## Exercise instructions
Exclude images, then output the remaining data verbatim.

## Available data
- Opening Delimiter -
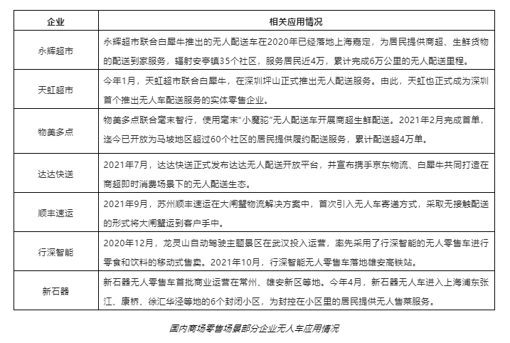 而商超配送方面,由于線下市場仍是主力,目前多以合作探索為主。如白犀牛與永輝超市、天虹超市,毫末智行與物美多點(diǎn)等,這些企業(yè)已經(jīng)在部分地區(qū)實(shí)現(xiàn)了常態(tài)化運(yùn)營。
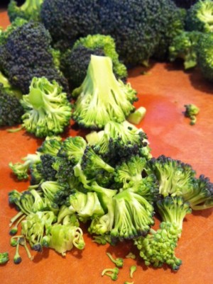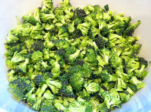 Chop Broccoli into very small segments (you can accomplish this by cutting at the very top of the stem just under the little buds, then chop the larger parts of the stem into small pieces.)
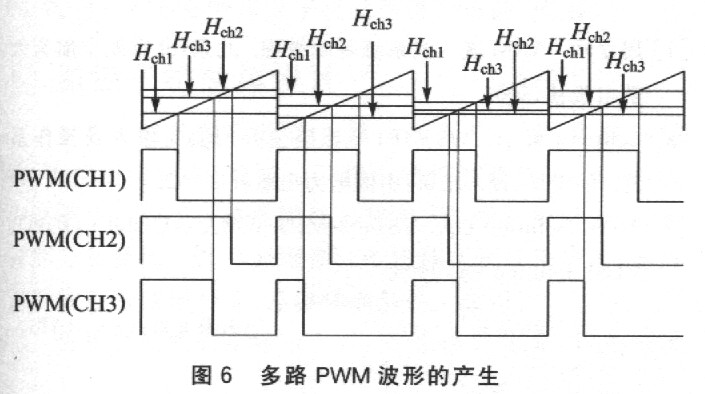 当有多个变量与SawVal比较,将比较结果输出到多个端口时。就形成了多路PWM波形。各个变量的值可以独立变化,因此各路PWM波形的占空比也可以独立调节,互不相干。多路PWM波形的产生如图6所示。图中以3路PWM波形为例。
- Closing Delimiter -
## Your solution
 而商超配送方面,由于線下市場仍是主力,目前多以合作探索為主。如白犀牛與永輝超市、天虹超市,毫末智行與物美多點(diǎn)等,這些企業(yè)已經(jīng)在部分地區(qū)實(shí)現(xiàn)了常態(tài)化運(yùn)營。
 Chop Broccoli into very small segments (you can accomplish this by cutting at the very top of the stem just under the little buds, then chop the larger parts of the stem into small pieces.)
 当有多个变量与SawVal比较,将比较结果输出到多个端口时。就形成了多路PWM波形。各个变量的值可以独立变化,因此各路PWM波形的占空比也可以独立调节,互不相干。多路PWM波形的产生如图6所示。图中以3路PWM波形为例。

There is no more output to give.